RDB loader failed. SQL `NULL` read at column 1

Hi I’m able to setup entire pipeline but last bit RDB loader is failing with

[ioapp-compute-1] INFO Could not load a folder (base s3://snowplow-shred/shredded/good/run=2022-01-13-03-30-00/), trying to ack the SQS command
[ioapp-compute-0] ERROR Loader shutting down
doobie.util.invariant$NonNullableColumnRead: SQL `NULL` read at column 1 (JDBC type Char) but mapping is to a non-Option type; use Option here. Note that JDBC column indexing is 1-based.
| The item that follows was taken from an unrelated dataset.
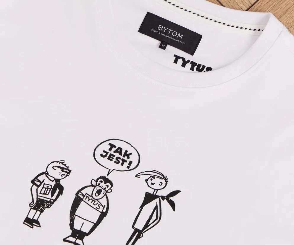 Bytom od lat odwołuje się do motywów z rodzimego kodu kulturowego – od klasyki malarstwa po polską szkołę plakatu – odpowiadając na oczekiwania odbiorców szukających w modzie autentyczności oraz wartościowej narracji. Najnowsza kolekcja kapsułowa z ilustracjami Henryka Jerzego Chmielewskiego naturalnie uzupełnia artystyczną linię marki, tym razem o słynne przygody Tytusa, Romka i A’Tomka.

	at doobie.util.Get.unsafeGetNonNullable(get.scala:29)
	at doobie.util.Read$.$anonfun$fromGet$1(read.scala:74)
	at doobie.util.Read$.$anonfun$fromGet$1$adapted(read.scala:74)
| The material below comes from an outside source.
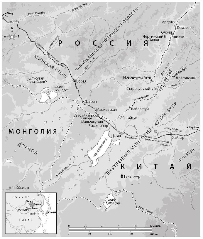 Территория, на которой мы сосредоточим внимание, расположена в сегодняшнем российско-китайско-монгольском пограничном треугольнике в верховьях реки. С севера и востока она ограничена горным хребтом Большой Хинган, а с юга и запада — пустыней Гоби. Территория охватом около семидесяти тысяч квадратных километров соразмерна по масштабам с современной Грузией. Окраины этого региона примерно соответствуют внешним пределам свободной торговой зоны, установленной в 1862 году, и отдельной административной структуре пограничных районов, которые начали создаваться с конца 1920‐х годов. Другими словами, окраины этого региона могут быть описаны так: немного пологая равнина Агинской степи, где река Борзя впадает в Онон и обозначает его западные пределы. Казацкая станица Олочи на среднем течении Аргуни отмечает его северный край. Предгорья лесных склонов Большого Хингана, отделяющие плоскогорье Хулун-Буира от Маньчжурской равнины, маркируют его восточные пределы. Река Хайлар — приток Аргуни, которую иногда считают верховьем реки Аргуни, и мелководное озеро Далайнор отмечают ее южную окраину.

	at doobie.util.Read.$anonfun$get$1(read.scala:55)
	at doobie.free.KleisliInterpreter.$anonfun$primitive$2(kleisliinterpreter.scala:109)
	at blockOn$extension @ doobie.free.KleisliInterpreter.$anonfun$primitive$1(kleisliinterpreter.scala:112)
	at $anonfun$tailRecM$1 @ doobie.util.transactor$Transactor$$anon$4.$anonfun$apply$4(transactor.scala:167)
	at tailRecM @ retry.package$RetryingOnSomeErrorsPartiallyApplied.apply(package.scala:96)
	at $anonfun$tailRecM$1 @ doobie.free.KleisliInterpreter.$anonfun$embed$12(kleisliinterpreter.scala:131)
	at tailRecM @ retry.package$RetryingOnSomeErrorsPartiallyApplied.apply(package.scala:96)
	at blockOn$extension @ doobie.free.KleisliInterpreter.$anonfun$primitive$1(kleisliinterpreter.scala:112)
	at $anonfun$tailRecM$1 @ doobie.util.transactor$Transactor$$anon$4.$anonfun$apply$4(transactor.scala:167)
	at tailRecM @ retry.package$RetryingOnSomeErrorsPartiallyApplied.apply(package.scala:96)
	at $anonfun$tailRecM$1 @ doobie.free.KleisliInterpreter.$anonfun$embed$12(kleisliinterpreter.scala:131)
	at tailRecM @ retry.package$RetryingOnSomeErrorsPartiallyApplied.apply(package.scala:96)
	at $anonfun$tailRecM$1 @ doobie.util.transactor$Transactor$$anon$4.$anonfun$apply$4(transactor.scala:167)
	at tailRecM @ retry.package$RetryingOnSomeErrorsPartiallyApplied.apply(package.scala:96)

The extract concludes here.